After exploring the tangled functional dependencies of the original dataset, you will want to break apart that dataset into new tables with proper functional dependencies. We can use the find_dependent_columns() function and add a few more steps.

In [10]:
from recipes import find_dependent_columns

For example, some columns that are dependent on the combination of 'conflict_id' and 'start_date2', the secondary start date.

In [11]:
find_dependent_columns(ucdp_df, ['conflict_id', 'start_date2'])

['location',
 'side_a',
 'side_a_id',
 'incompatibility',
 'territory_name',
 'start_date',
 'start_prec',
 'start_prec2',
 'ep_end_date',
 'gwno_a',
 'gwno_b',
 'gwno_loc',
 'region']

However, some of these columns can be determined only by the conflict_id. Which columns are dependent only on the combination of 'conflict_id' and 'start_date2'?

In [12]:
set(find_dependent_columns(ucdp_df, ['conflict_id', 'start_date2'])) - set(find_dependent_columns(ucdp_df, ['conflict_id']))
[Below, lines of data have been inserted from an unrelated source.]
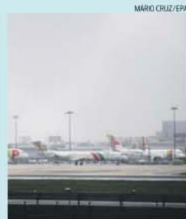
Greve tem mantido em terra muitos aviões

está garantida e circulam rumores de ele poderão decidir um novo período de paralisação, no caso de as suas reivindicações não forem atendidas. No entender de Jorge Miranda, tratando-se, como ele próprio sustenta, de uma greve «injusta», o governo deveria optar por travar os prejuízos económicos e sociais que a greve está a originar e avançar para nova requisição civil.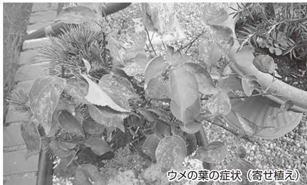
ウメの葉の症状(寄せ植え)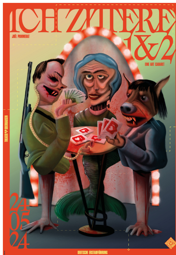
Ich Zittere 1 & 2, Théâtre d'Oberhausen, Allemagne, 2024.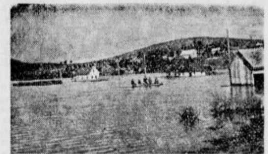
Del Kozaršč z šmarato

Glavno vodovlje prihaja od pobočja Snežiskega gorovja in iz vnožja Rane gore kot močan Obrh, ki takoj v pričetku goni mlino in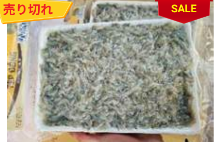
Tép đồng 450g/khay 小エビ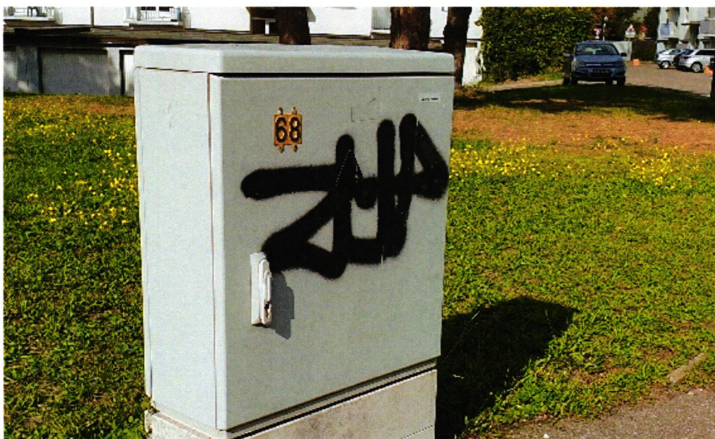
Rue du Gal Leclerc – photo 10/2020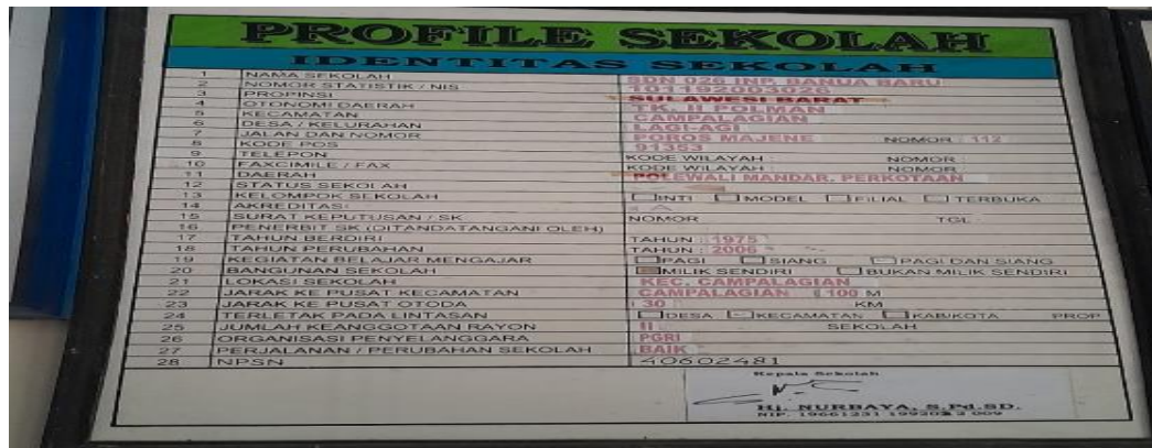
Profil sekolah SDN 026 Banua Baru

{'ep_end_date', 'start_prec2'}

So, let's create a dataframe for just these attributes.

In [13]:
ucdp_episode_df = ucdp_df[['conflict_id', 'start_date2', 'start_prec2', 'ep_end_date']].copy().drop_duplicates().dropna(subset=['conflict_id', 'start_date2'])
ucdp_episode_df

Unnamed: 0,conflict_id,start_date2,start_prec2,ep_end_date
0,13637,2015-03-03,1,
4,333,1978-04-27,1,
45,431,1979-12-27,1,1979-12-28
46,13692,2001-10-07,1,2001-11-13
47,215,1946-10-22,1,1946-12-31
...,...,...,...,...
2374,402,1994-04-28,2,1994-07-04
2375,318,1967-09-05,1,
2376,318,1967-09-05,1,1968-12-31
2377,318,1973-04-04,1,


Let's formalize this process into a generic function

In [14]:
def decompose_table(df, primary_key:list):
    # find which columns belong in this table
    table_columns = set(find_dependent_columns(df, primary_key))
    if len(primary_key) > 1:
        for column in primary_key:
            dependent_cols = set(find_dependent_columns(df, [column]))
            table_columns -= dependent_cols
    # create the new table
    new_df = df[primary_key + list(table_columns)].copy().dropna(subset=primary_key).drop_duplicates().reset_index(drop=True)
    return new_df

In [15]:
decompose_table(ucdp_df, ['conflict_id', 'start_date2']).sort_values(by=['conflict_id', 'start_date2', 'ep_end_date'])

Unnamed: 0,conflict_id,start_date2,ep_end_date,start_prec2
48,200,1946-07-21,1946-07-21,2
49,200,1952-04-09,1952-04-12,1
50,200,1967-03-31,1967-10-16,3
70,201,1946-08-31,1953-11-09,3
69,201,1946-08-31,,3
...,...,...,...,...
82,14129,2017-12-08,,2
371,14268,2017-06-11,2017-06-11,1
635,14275,2016-06-01,,1
758,14333,2016-03-07,2016-11-09,1


In [16]:
decompose_table(ucdp_df, ['conflict_id', 'start_date2']).to_csv("../example_datasets/transformed_data/ucdp_episodes.csv", index=False)

Further cleaning is still required, so let's save this dataset as it is now for further investigation.